Turning-point season for the NYC Ballet

The long winter season of the New York City Ballet, which ends Feb. 20 at the New York State Theater, has been a turning point in the company's life. With director George Balanchine absent for health reasons, the company has had to carry on without the personal inspiration and authority he has always provided. At the very least, the dancers have performed valiantly; and some performances of Balanchine classics have reached landmark quality.

The one major gap in the season has been a new Balanchine ballet, but company members Jacques d'Amboise and Peter Martins filled in the new-ballet slots with aplomb. The most successful of the three premieres was the last, Mr. Martins's ''Rossini Quartets,'' set to two sonatas for string quartet written when the composer was 12.

Martins apportions the music neatly: the fast parts go to an ensemble of six and the adagios go to Suzanne Farrell and Adam Luders. Since most of Martins's previous choreography has been allegro in temperament, the big news here is the stately duets he's made for Miss Farrell and Luders.

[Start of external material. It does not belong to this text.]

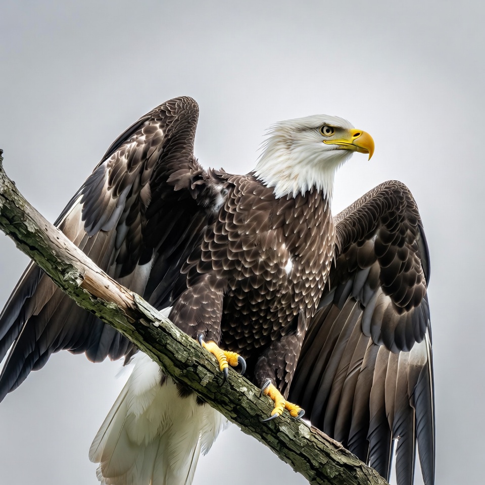 A majestic bald eagle with white head and tail feathers perches on a wooden branch. Its wings are partially spread, showcasing detailed brown feathers and yellow beak and talons. The background is a soft gray sky.
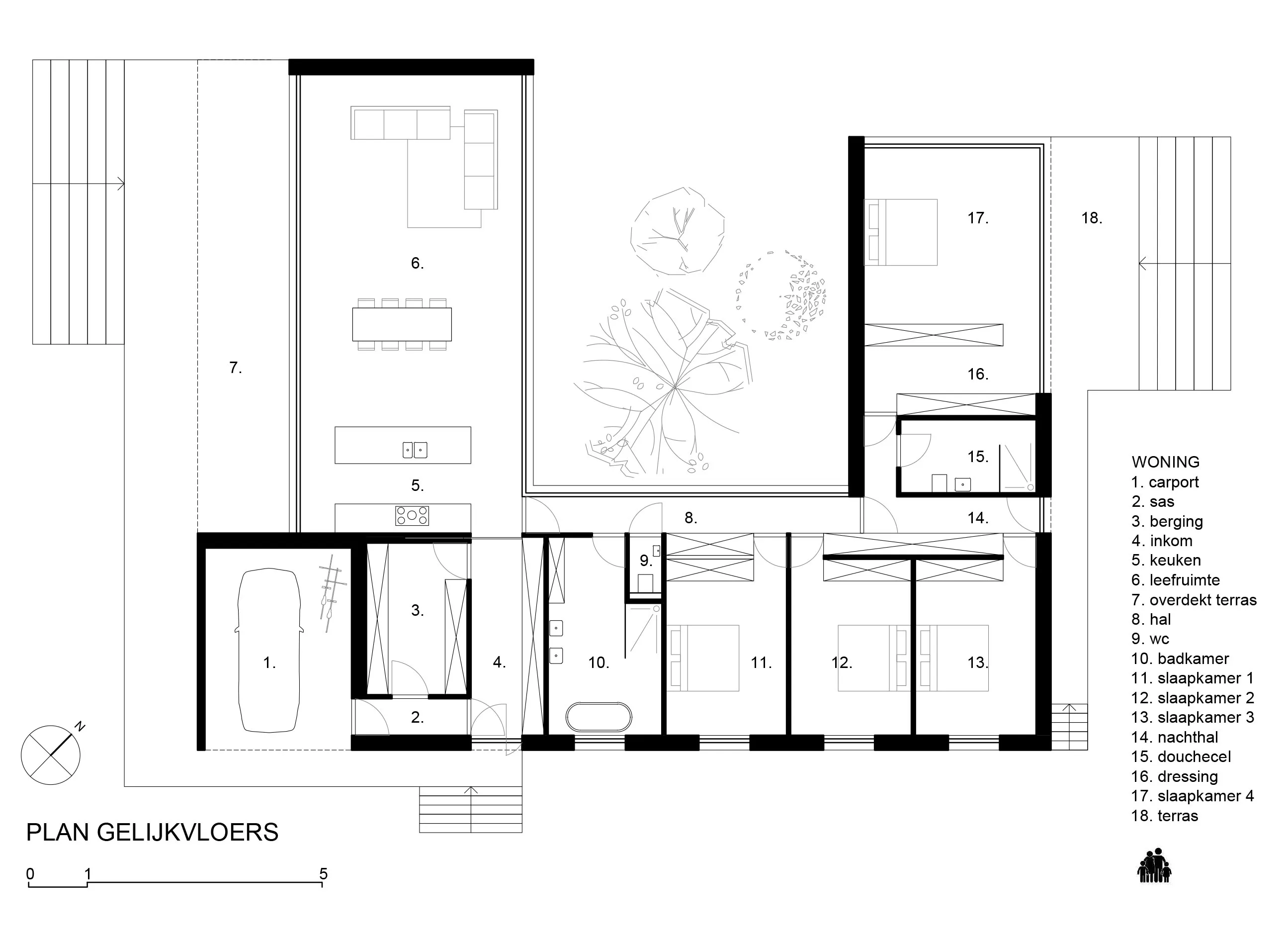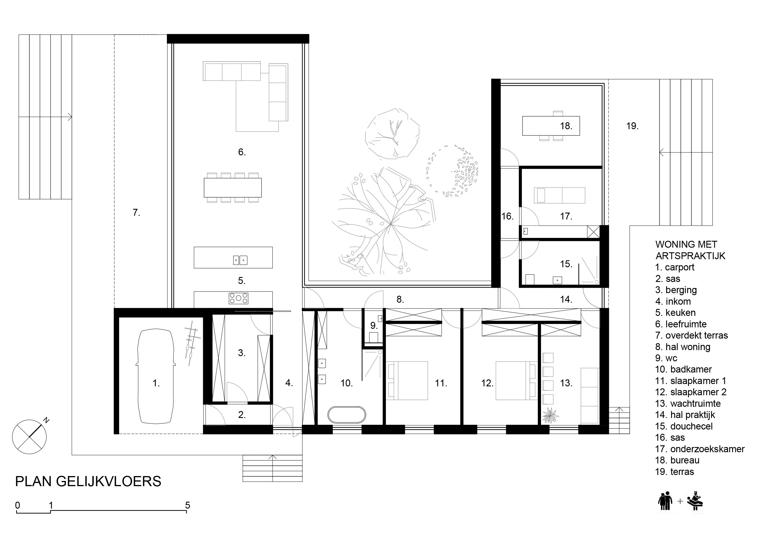 Het gebouw strekt zich uit over één bouwlaag rond een halfopen patio en kan zowel een gezin met 3 kinderen huisvesten als een woning worden met apart toegankelijke praktijkruimte of met geïntegreerde zorg- / B&B-unit.

Farrell is like a complexly petaled flower at fullest bloom. Her effulgence is tempered by wisdom, by a certain separateness. Martins conveys that separateness by coding her duets with an unusual motif. Aided by Luders, she rolls onto an off-pointe without bending her knees; at other times she moves with enormous amplitude even though her limbs are pressed together. These devices work brilliantly, for they give ''Rossini Quartets'' the distinctive identity all works of art want.

The basic problem with ''Rossini Quartets'' is that the fast sections are too fussy. Martins is forever breaking up phrases between two dancers and chopping the music into more parts than it has. He's too involved with harmony, as it were, and not enough with melody.

The French composer Delibes is all melody, which perhaps is why the other Martins premiere, ''Delibes Divertissement,'' looks under-choreographed. The music, from the ballet ''Sylvia,'' cries out for long, singing lines, but Martins seems uncomfortable with simple grandeur.

Jacques d'Amboise has no hesitation in taking on grandeur in his new ''Celebration'' to various selections of Mendelssohn. It's a cast-of-thousands ballet with a full complement of children to boot. What ''Celebration'' lacks in depth, it makes up for in brio, and the kids are adorable.

D'Amboise uses children as a gesture of celebration for the School of American Ballet, the training ground of the New York City Ballet. The City Ballet is currently celebrating the 50th anniversary of its school and the arrival of Balanchine to this country from Europe. More substantial than d'Amboise's observance of the occasion are two events.

The first is a photographic exhibit of the School of American Ballet's dances and teachers at Lincoln Center's Library for the Performing Arts, which runs into the spring. The second is the March publication of ''Choreography by George Balanchine,'' a complete, annotated catalog of his 425 ballets. This monumental endeavor is published by the Eakins Press Foundation in New York.